In the second image, I have focused on the ‘not very photogenic’ pole yet all the people in the background are blurred. I liked this idea I have created above as although the image is focused on the unhygienic pole, it also displays the bustling city life in Leeds and where you can look at each individual person in the image to observe what they may be doing just by looking at a still image.
So, this image has an F stop number of F7.5 which is slightly higher than the previous photograph and displays the similar effect of focusing on a smaller aperture with the background significantly more blurred. Obviously, I would improve this by utilising a more appealing object than a grubby looking pole to focus on and producing a more engaging image.
In this image, the F stop number is lower than the previous two at F4.4. As you can see in the above image, Sloane is more clear in focus in comparison to Amelia where she is slightly blurred. Then from behind them both, you can see that the background is even more out of focus. I think as the camera I have been using only has an aperture ranging from F3-F8.3, it can be quite difficult to distinguish between them whereas, if I was to show an image with an F stop number of F20, this would most likely be recognisable.
Shutter Speed images:
As you can see the difference between these photos, one appears blurry and one captures the moving cars significantly well. This being due to the adjustment with the shutter speed.
So, to achieve the first image, the shutter speed is quite low of 1/50. This basically means that due to the shutter speed being set at a low number, the cars in the image which will have already driven past will not be captured. Hence, the cars appear blurred and as you can observe, a good quality image of them hasn’t been achieved.
Although this doesn’t look professional, photographers sometimes use this technique of creating a blurry image as their work of art and usually it works effectively. This is called ‘motion blur’ which is when a photographer’s aim is to purposely capturing objects in their photograph to have a blurred effect so for example; if they were to take an image of lots of people walking across a road, or maybe a train going past or of people dancing.

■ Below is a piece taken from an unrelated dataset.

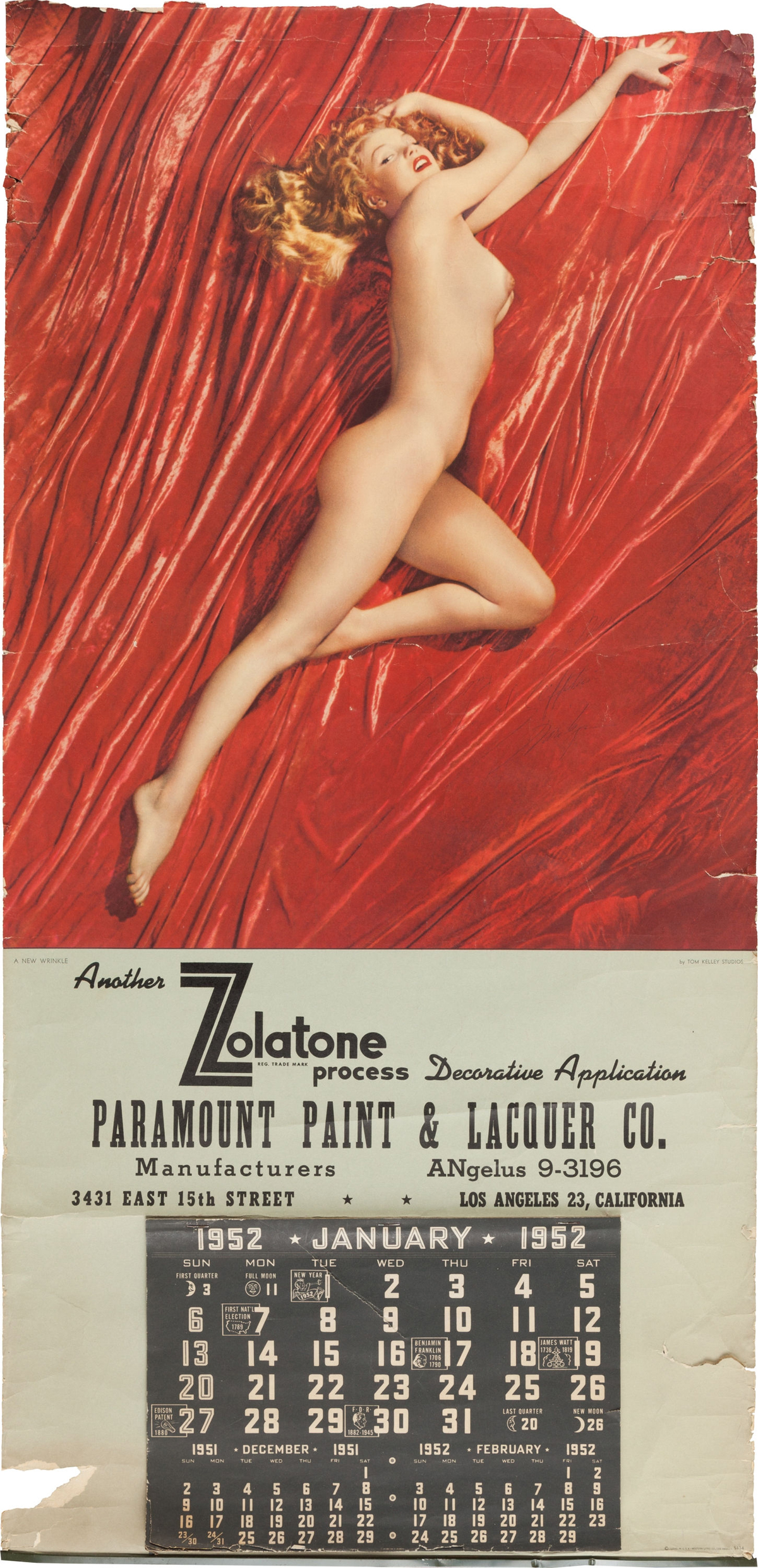 Pagina di calendario del 1952 con firma e dedica scritta da Marilyn Monroe. L’inchiostro nero è poco leggibile: "To my buddy, Mary / Love and Affection / Marilyn".

This can sometimes look aesthetically pleasing as the photographer illuminates an everyday setting into something intriguing through the use of motion blur. However, with the image I achieved, this isn’t the case as it doesn’t emanate the same aesthetic as some intentional motion blurs. Therefore, I would improve this further by using an even slower shutter speed to create an increased blurry image.
With the second image, the shutter speed is significantly faster at 1/2500 which essentially is because I have prioritised capturing the moving cars in the image. This then means shutter speed needs to be a lot quicker when taking the photograph. As you can see, the quality of the moving cars has considerably improved in comparison to the previous image where the cars appeared more blurry.